(Given information):
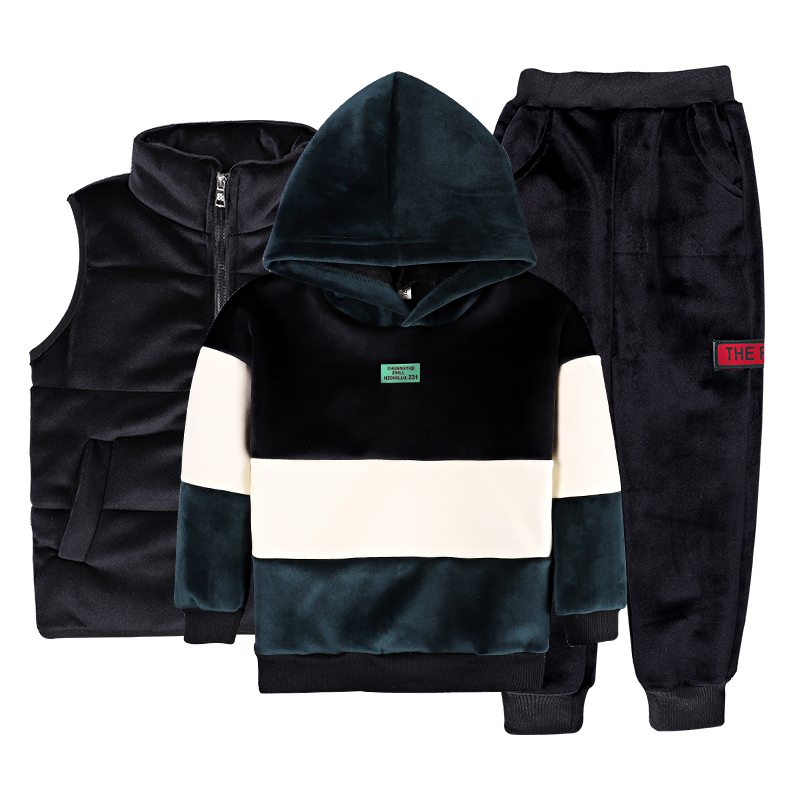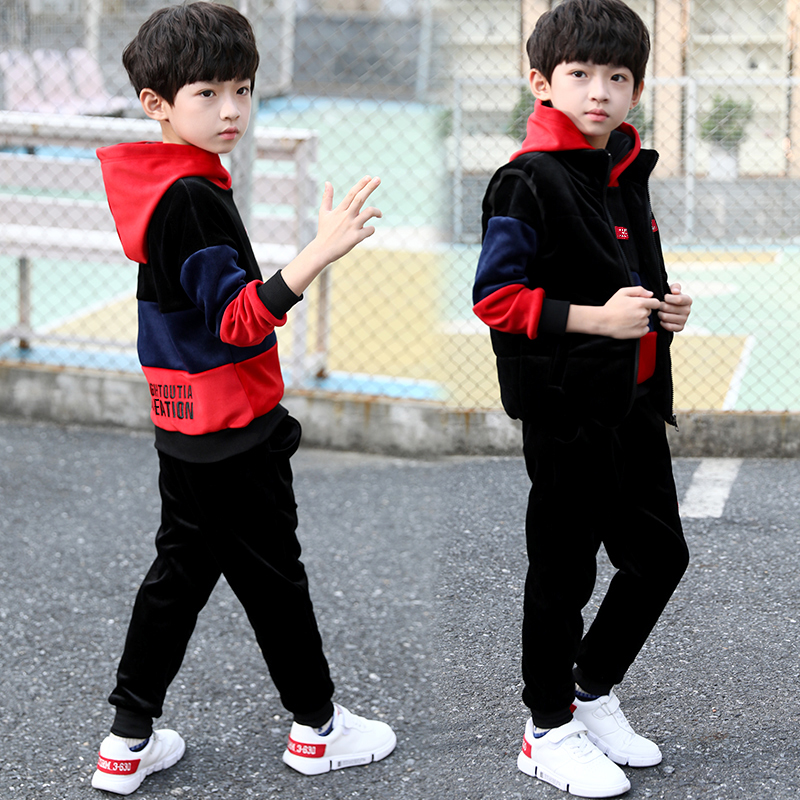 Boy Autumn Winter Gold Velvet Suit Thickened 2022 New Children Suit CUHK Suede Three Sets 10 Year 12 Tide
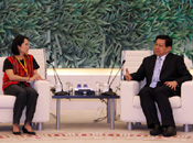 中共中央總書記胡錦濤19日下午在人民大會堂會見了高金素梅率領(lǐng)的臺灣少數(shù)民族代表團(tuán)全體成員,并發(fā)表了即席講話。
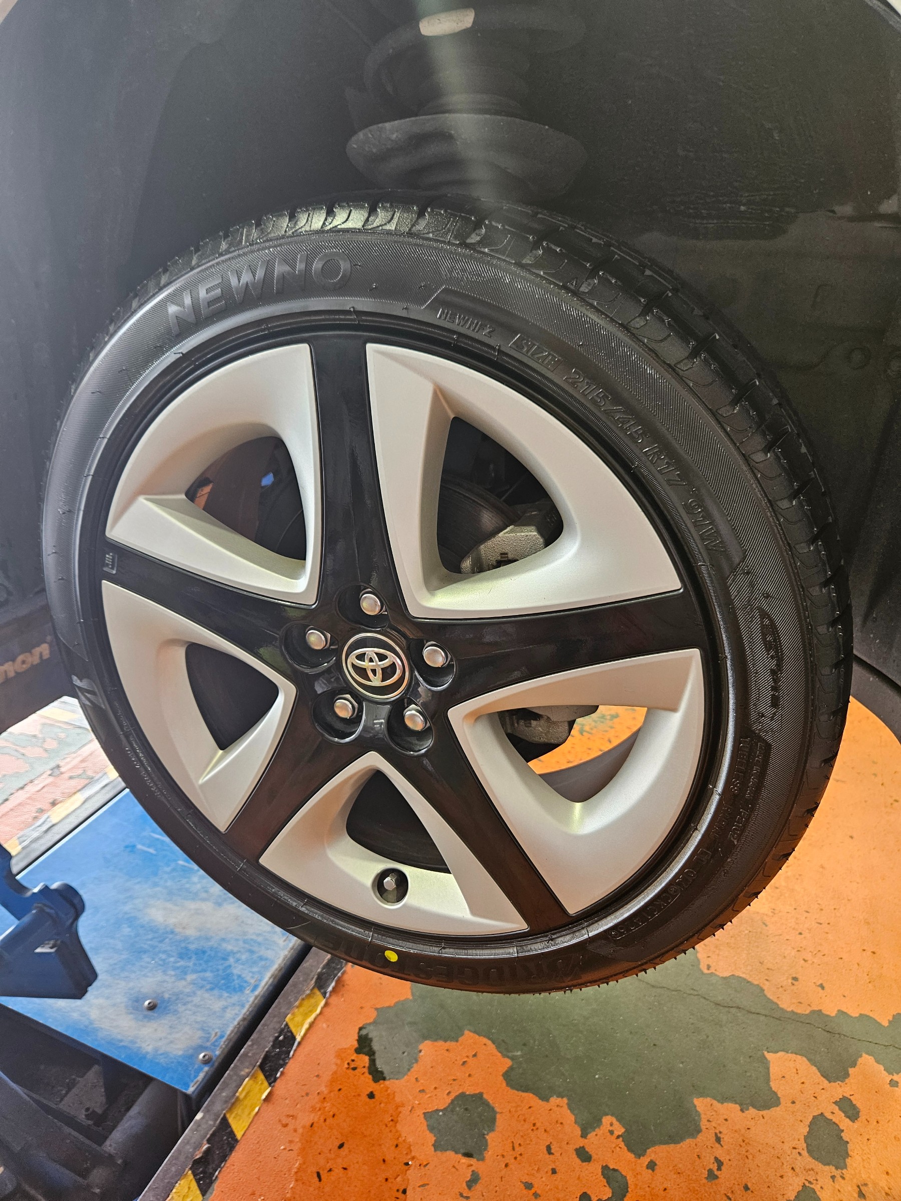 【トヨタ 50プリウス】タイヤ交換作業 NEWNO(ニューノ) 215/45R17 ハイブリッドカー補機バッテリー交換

(To do): Would you repeat the listing word for word and skip every picture?

(Exercise output):
 Boy Autumn Winter Gold Velvet Suit Thickened 2022 New Children Suit CUHK Suede Three Sets 10 Year 12 Tide
 中共中央總書記胡錦濤19日下午在人民大會堂會見了高金素梅率領(lǐng)的臺灣少數(shù)民族代表團(tuán)全體成員,并發(fā)表了即席講話。
 【トヨタ 50プリウス】タイヤ交換作業 NEWNO(ニューノ) 215/45R17 ハイブリッドカー補機バッテリー交換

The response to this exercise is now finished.